Humane Animal Use is a Myth

Anyone who keeps cows knows that it is impossible to do it kindly: either she is tied all the time, or she is exposed to lethal substances and great risk of being killed by cars. If her calf is allowed to be near to her, she will drink the mother’s milk. If the calf is a baby boy, he will only drain expenses from the “owner” and must be sold to a buyer for whom the living bull has no value. What will the buyer inevitably have to do? He will have to kill that bull in order to sell the leather and meat.

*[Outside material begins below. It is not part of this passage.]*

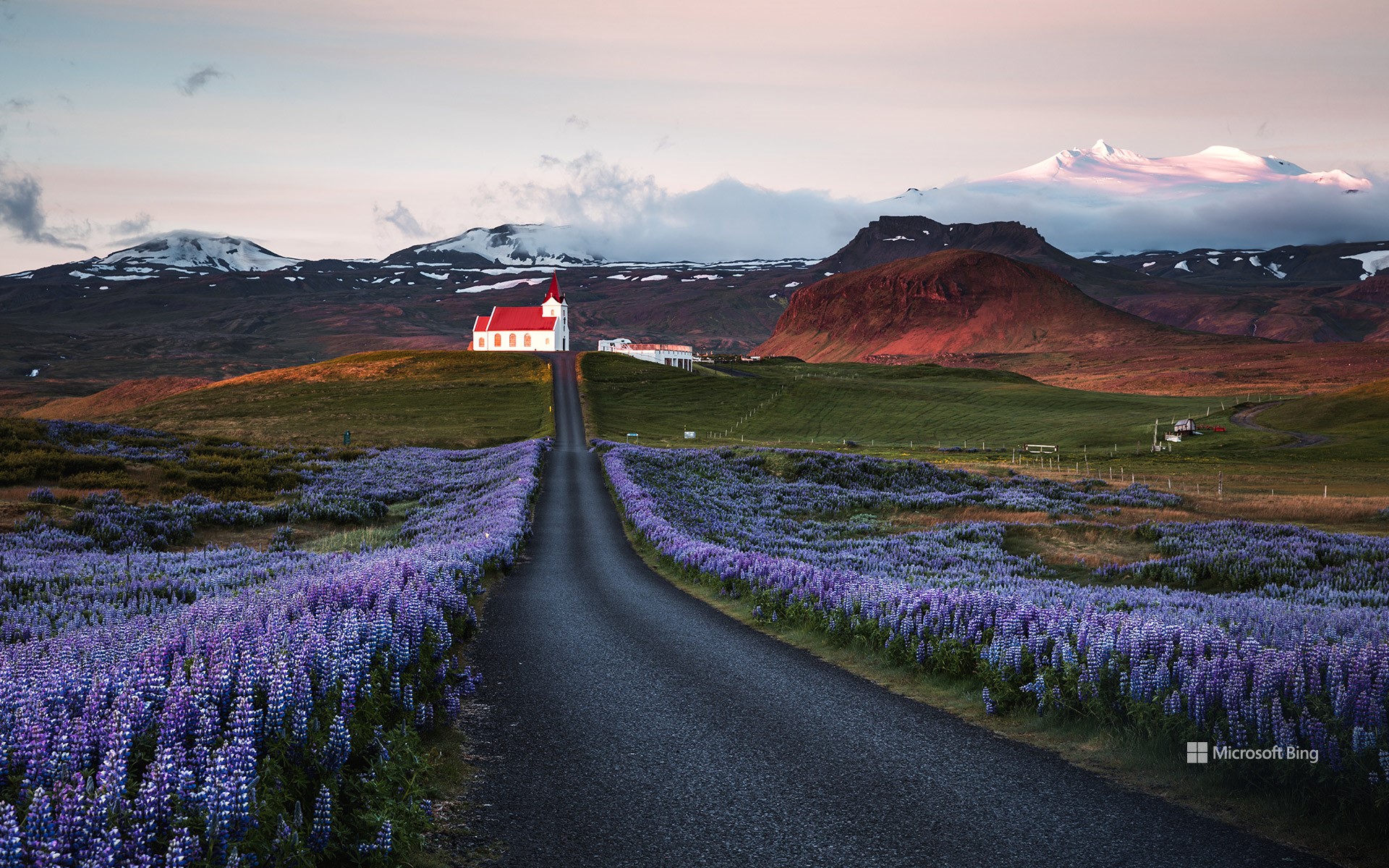 Campi di lupini e una chiesa all'alba, penisola di Snæfellsnes, Islanda (© Matteo Colombo/Getty Images)

Dairy, leather and meat traders are not “bad people.” They may be very good people, but they too are in a quandary. Their businesses CANNOT stay afloat unless their cows are chained and the bulls sold for meat. It’s not that they WANT to hurt cows and bulls. But they cannot make a profit if the cows and bulls are given what they really need—freedom to roam for miles a day, to choose their food among flowers, plants and grasses, not among paint cans, polythene bags, rusty razor blades.

 

 

When I realized this, it became simple and easy for me to choose alternatives. I don’t waste time thinking negative thoughts about the people who do this to cows and bulls. They may feel they have no choice as long as there is a demand for those animal products. So let’s work on the demand part of this sorrowful equation. Every time we say no to dairy products we reduce the demand. And that feels beautiful!

Written by Erika Abrams

 

Like this?

Read: But aren't we Killing Plants?

Read more: 11 Reasons To Visit An Animal Shelter At Least Once In Your Life!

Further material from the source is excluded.